Class ExternalSortFactory

java.lang.Object
org.apache.derby.impl.store.access.sort.ExternalSortFactory
All Implemented Interfaces:
ModuleControl, ModuleSupportable, MethodFactory, SortFactory, SortCostController
Direct Known Subclasses:
UniqueWithDuplicateNullsExternalSortFactory

public class ExternalSortFactory extends Object implements SortFactory, ModuleControl, ModuleSupportable, SortCostController
  • Field Details

    • userSpecified

      private boolean userSpecified
    • defaultSortBufferMax

      private int defaultSortBufferMax
    • sortBufferMax

      private int sortBufferMax
    • IMPLEMENTATIONID

      private static final String IMPLEMENTATIONID
      See Also:
    • FORMATUUIDSTRING

      private static final String FORMATUUIDSTRING
      See Also:
    • formatUUID

      private UUID formatUUID
    • DEFAULT_SORTBUFFERMAX

      private static final int DEFAULT_SORTBUFFERMAX
      See Also:
    • MINIMUM_SORTBUFFERMAX

      private static final int MINIMUM_SORTBUFFERMAX
      See Also:
    • DEFAULT_MEM_USE

      protected static final int DEFAULT_MEM_USE
      See Also:
    • DEFAULT_MAX_MERGE_RUN

      protected static final int DEFAULT_MAX_MERGE_RUN
      See Also:
    • SORT_ROW_OVERHEAD

      private static final int SORT_ROW_OVERHEAD
      See Also:
  • Constructor Details

    • ExternalSortFactory

      public ExternalSortFactory()
  • Method Details

    • defaultProperties

      public Properties defaultProperties()
      There are no default properties for the external sort..
      Specified by:
      defaultProperties in interface MethodFactory
      See Also:
    • supportsImplementation

      public boolean supportsImplementation(String implementationId)
      Description copied from interface: MethodFactory
      Return whether this access method implements the implementation type given in the argument string.
      Specified by:
      supportsImplementation in interface MethodFactory
      See Also:
    • primaryImplementationType

      public String primaryImplementationType()
      Description copied from interface: MethodFactory
      Return the primary implementation type for this access method.

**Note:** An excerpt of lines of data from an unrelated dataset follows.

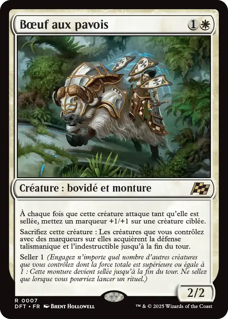 Par exemple, le Boeuf au pavois possède une capacité qui se déclenche lorsqu'il attaque si il est sellé.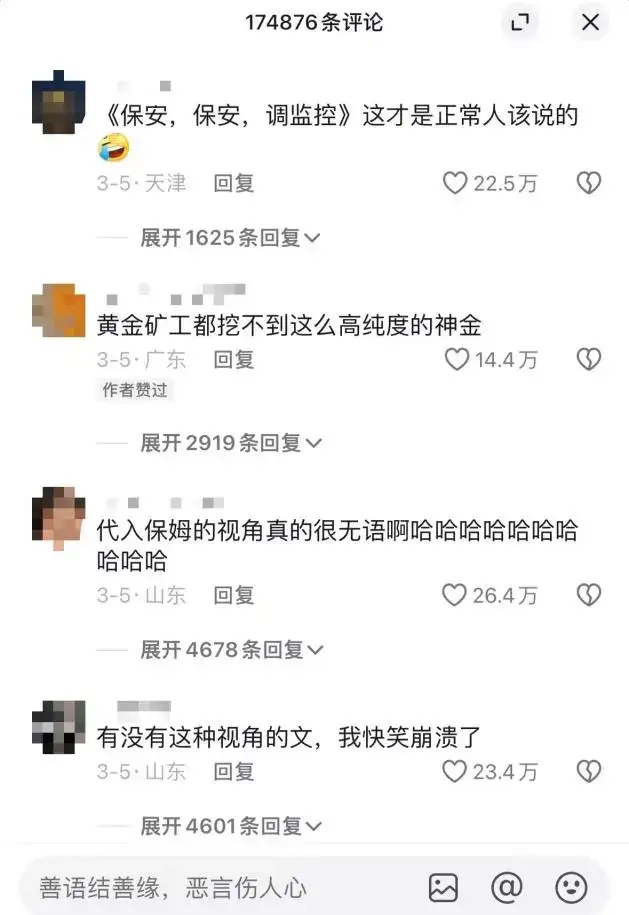 《重生》系列中,@七颗猩猩主要是重生了保姆、经纪人、炮灰同学等配角身份,当习惯代入主角的观众代入配角,爽文与现实对立撕裂则更加明显。网友们纷纷表示,“黄金矿工都挖不到这么高纯度的神金”、“以前代入女主:好爽好浪漫;现在代入保姆:好癫好无语”、“果然只能代入主角的视角,代入打工人视角,他们通通都去噶”。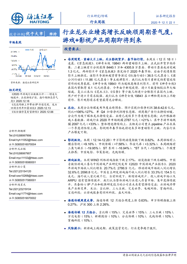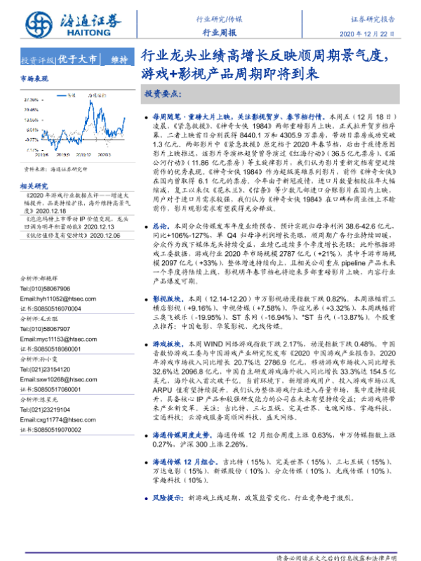 【海通证券】【20201222】20201222-海通证券-传媒行业周报:行业龙头业绩高增长反映顺周期景气度,游戏+影视产品周期即将到来-12页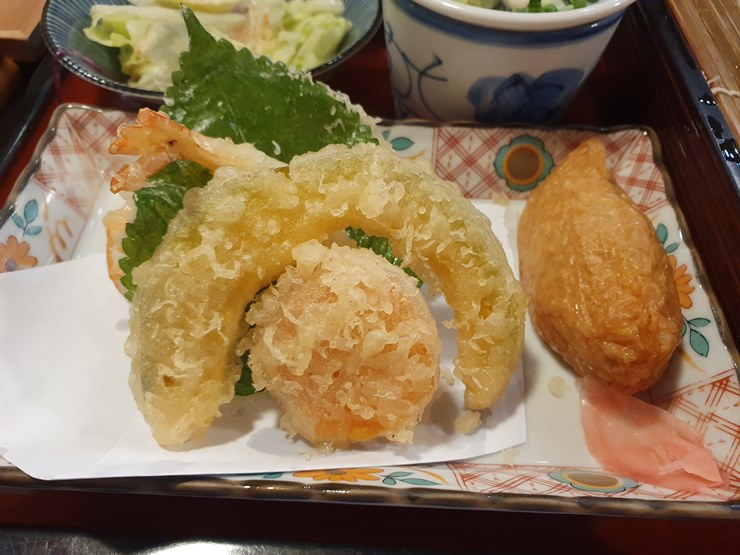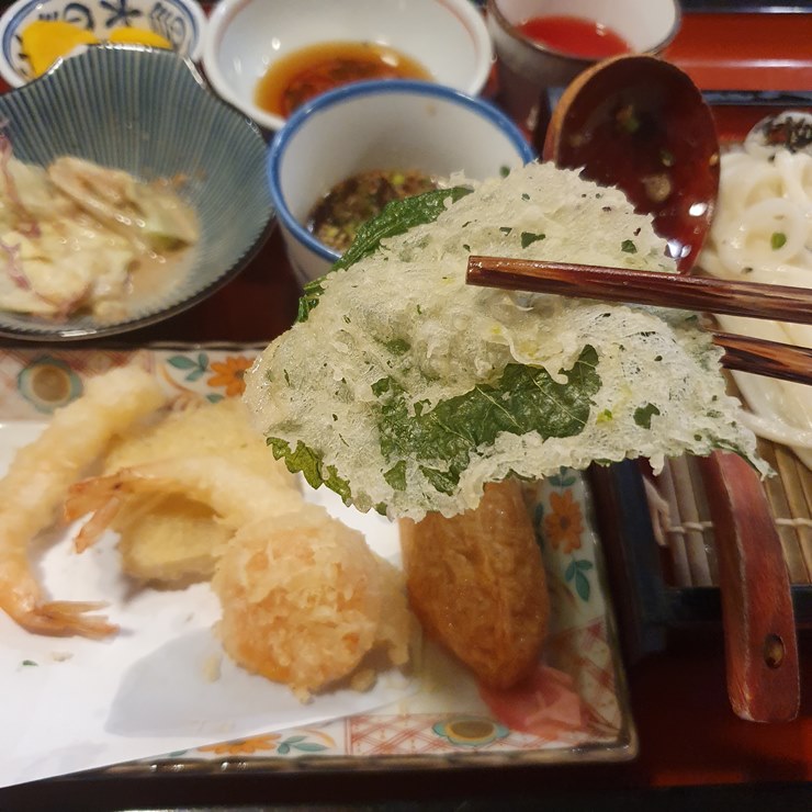 자루우동 정식 튀김 구성은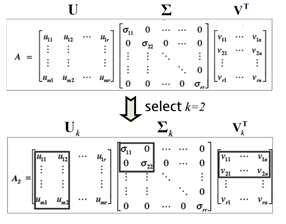 1.$U: $단어(m) - 토픽(r) 간의 유사도, 즉 행렬에서 열에 해당하는 것은 r개의 토픽들이며 행에 해당하는 것은 m개의 단어들이다. 각 단어가 어떤 토픽과 얼만큼 연관이 있는지 알 수 있다.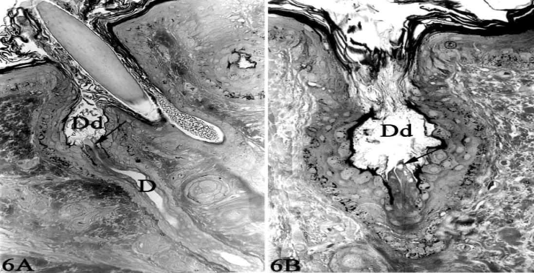 The terminal portion of the excretory duct (D) opening into an oval or rounded-shaped dilated destination device (Dd) at the outer most portion of a primary hair follicle (epitrichial sweat gland “A”) or emptying on to the skin surface in an interfollicular location (atrichial sweat gland “B”). Notice the terminal portion of excretory duct (arrow) projecting into the lumen of the dilated destination device. Toluidine blue, X250.

Although an access method may implement more than one implementation type, this is the expected one. The access manager will put the primary implementation type in a hash table for fast access.
      Specified by:
      primaryImplementationType in interface MethodFactory
      See Also:
    • supportsFormat

      public boolean supportsFormat(UUID formatid)
      Description copied from interface: MethodFactory
      Return whether this access method supports the format supplied in the argument.
      Specified by:
      supportsFormat in interface MethodFactory
      See Also:
    • primaryFormat

      public UUID primaryFormat()
      Description copied from interface: MethodFactory
      Return the primary format that this access method supports. Although an access method may support more than one format, this is the usual one. the access manager will put the primary format in a hash table for fast access to the appropriate method.
      Specified by:
      primaryFormat in interface MethodFactory
      See Also:
    • getMergeSort

      protected MergeSort getMergeSort()
      Returns merge sort implementation. Extending classes can overide this method to customize sorting.
      Returns:
      MergeSort implementation
    • createSort

      public Sort createSort(TransactionController tran, int segment, Properties implParameters, DataValueDescriptor[] template, ColumnOrdering[] columnOrdering, SortObserver sortObserver, boolean alreadyInOrder, long estimatedRows, int estimatedRowSize) throws StandardException
      Create a sort. This method could choose among different sort options, depending on the properties etc., but currently it always returns a merge sort.
      Specified by:
      createSort in interface SortFactory
      Throws:
      StandardException - if the sort could not be opened for some reason, or if an error occurred in one of the lower level modules.
      See Also:
    • openSortCostController

      public SortCostController openSortCostController() throws StandardException
      Return an open SortCostController.

      Return an open SortCostController which can be used to ask about the estimated costs of SortController() operations.

      Specified by:
      openSortCostController in interface SortFactory
      Returns:
      The open SortCostController.
      Throws:
      StandardException - Standard exception policy.
      See Also:
    • close

      public void close()
      Description copied from interface: SortCostController
      Close the controller.

      Close the open controller. This method always succeeds, and never throws any exceptions. Callers must not use the StoreCostController after closing it; they are strongly advised to clear out the StoreCostController reference after closing.

      Specified by:
      close in interface SortCostController
    • getSortCost

      public double getSortCost(DataValueDescriptor[] template, ColumnOrdering[] columnOrdering, boolean alreadyInOrder, long estimatedInputRows, long estimatedExportRows, int estimatedRowSize) throws StandardException
      Short one line description of routine.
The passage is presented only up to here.